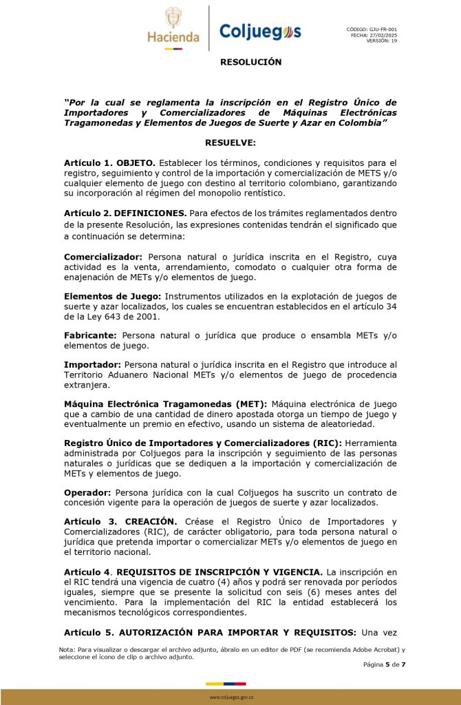 El corazón del proyecto es el RIC. Toda persona natural o jurídica que pretenda importar o comercializar METs deberá inscribirse en este registro, cuya vigencia será de cuatro años, renovable. La simple existencia del RIC no agota la obligación: cada importador deberá solicitar autorización previa a Coljuegos para traer máquinas al país y, dentro de los cinco días hábiles siguientes a la nacionalización, reportar equipo por equipo. El reporte incluye número de serie, marca, modelo, fabricante, año de fabricación, país de origen, fotografías de alta resolución (vista frontal y placa de identificación), cantidad importada y destino previsto indicando razón social y NIT del comprador.
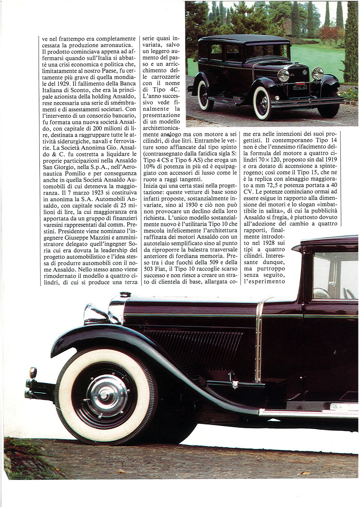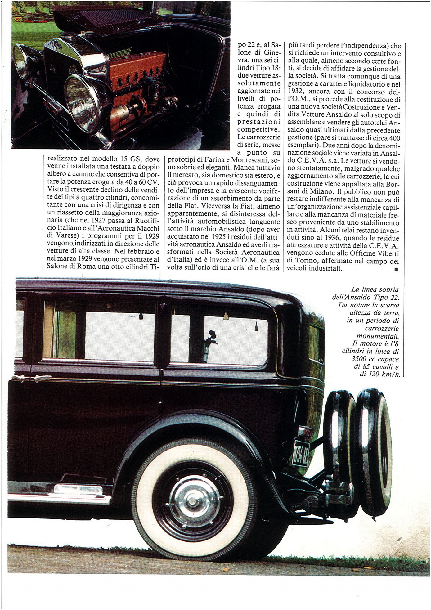 L’Ansaldo otto cilindri Tipo 22 è il culmine della gamma di questa marca, ma è anche il suo canto del cigno: un prodotto che Guido Soria — il virtuale fondatore dell’impresa automobilistica Ansaldo — non avrebbe certamente voluto. Ma Soria (com’egli stesso lascia intendere in un documento, recentemente venuto in luce al Museo Biscaretti) era stato costretto alle dimissioni un anno prima che questi insensati investimenti venissero deliberati. Rara e preziosa, l’Ansaldo Tipo 22 resta come uno dei simboli della traumatica fine delle illusioni coltivate da molta parte dell’industria italiana sul declinare degli anni Venti. La S.A. Automobili Ansaldo nasce dello smembramento e dalle esigenze di conversione postbellica di una delle più grandi e più antiche holding dell’industria meccanica italiana. Esistevano dunque tutte le premesse tecniche e le risorse economiche perché l’impresa potesse affermarsi in modo durevole. Viceversa questa, che è ritenuta anche dagli esigenti storici inglesi una delle più illustri marche scomparse, subì un primo tracollo già nel 1922 e fu in piena attività solo per un decennio. Se l’Ansaldo non sopravvisse alla crisi mondiale del 1929, ciò si deve — come per molte altre imprese che ebbero vicende analoghe — a un errore di marketing, all’incapacità di esprimere il prodotto giusto per sopravvivere alla decimazione delle marche italiane. Sulla crisi del 1929 si sono scritte molte banalità. Noi vogliamo sostenere che essa fu (almeno per il settore dell’industria automobilistica italiana) non solo una congiuntura negativa in termini di disponibilità di credito e di volume del fatturato, ma una vera e propria crisi di trasformazione dei procedimenti produttivi, che coincise con la trasformazione del ruolo sociale dell’automobile. Una crisi sostenibile solo con precise scelte di ruolo, appunto, e ricorrendo alla differenziazione del prodotto. Che poi questa crisi organica coincidesse con una depressione economica mondiale è, in una certa misura, casuale. La spiegazione più semplice della scomparsa di molte aziende non può essere che una, in un mercato progressivamente sempre più soffocato dalla difficoltà di esportare e da una certa carenza di materie prime: in Italia non vi era posto che per una Fiat, un’Alfa Romeo, una Lancia.
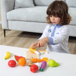 Piesele sunt rezistente, plăcute la atingere și dimensionate pentru palmele mici ale copiilor. Datorită sistemului de „tăiere” cu îmbinare, alimentele se pot reasambla ușor, astfel încât joaca nu devine plictisitoare și antrenează în mod natural răbdarea, concentrarea și îndemânarea manuală.

## What you are asked to do
With the pictures set aside, return each line of the listing exactly as given.

## Solution to this problem
 El corazón del proyecto es el RIC. Toda persona natural o jurídica que pretenda importar o comercializar METs deberá inscribirse en este registro, cuya vigencia será de cuatro años, renovable. La simple existencia del RIC no agota la obligación: cada importador deberá solicitar autorización previa a Coljuegos para traer máquinas al país y, dentro de los cinco días hábiles siguientes a la nacionalización, reportar equipo por equipo. El reporte incluye número de serie, marca, modelo, fabricante, año de fabricación, país de origen, fotografías de alta resolución (vista frontal y placa de identificación), cantidad importada y destino previsto indicando razón social y NIT del comprador.
 L’Ansaldo otto cilindri Tipo 22 è il culmine della gamma di questa marca, ma è anche il suo canto del cigno: un prodotto che Guido Soria — il virtuale fondatore dell’impresa automobilistica Ansaldo — non avrebbe certamente voluto. Ma Soria (com’egli stesso lascia intendere in un documento, recentemente venuto in luce al Museo Biscaretti) era stato costretto alle dimissioni un anno prima che questi insensati investimenti venissero deliberati. Rara e preziosa, l’Ansaldo Tipo 22 resta come uno dei simboli della traumatica fine delle illusioni coltivate da molta parte dell’industria italiana sul declinare degli anni Venti. La S.A. Automobili Ansaldo nasce dello smembramento e dalle esigenze di conversione postbellica di una delle più grandi e più antiche holding dell’industria meccanica italiana. Esistevano dunque tutte le premesse tecniche e le risorse economiche perché l’impresa potesse affermarsi in modo durevole. Viceversa questa, che è ritenuta anche dagli esigenti storici inglesi una delle più illustri marche scomparse, subì un primo tracollo già nel 1922 e fu in piena attività solo per un decennio. Se l’Ansaldo non sopravvisse alla crisi mondiale del 1929, ciò si deve — come per molte altre imprese che ebbero vicende analoghe — a un errore di marketing, all’incapacità di esprimere il prodotto giusto per sopravvivere alla decimazione delle marche italiane. Sulla crisi del 1929 si sono scritte molte banalità. Noi vogliamo sostenere che essa fu (almeno per il settore dell’industria automobilistica italiana) non solo una congiuntura negativa in termini di disponibilità di credito e di volume del fatturato, ma una vera e propria crisi di trasformazione dei procedimenti produttivi, che coincise con la trasformazione del ruolo sociale dell’automobile. Una crisi sostenibile solo con precise scelte di ruolo, appunto, e ricorrendo alla differenziazione del prodotto. Che poi questa crisi organica coincidesse con una depressione economica mondiale è, in una certa misura, casuale. La spiegazione più semplice della scomparsa di molte aziende non può essere che una, in un mercato progressivamente sempre più soffocato dalla difficoltà di esportare e da una certa carenza di materie prime: in Italia non vi era posto che per una Fiat, un’Alfa Romeo, una Lancia.
 Piesele sunt rezistente, plăcute la atingere și dimensionate pentru palmele mici ale copiilor. Datorită sistemului de „tăiere” cu îmbinare, alimentele se pot reasambla ușor, astfel încât joaca nu devine plictisitoare și antrenează în mod natural răbdarea, concentrarea și îndemânarea manuală.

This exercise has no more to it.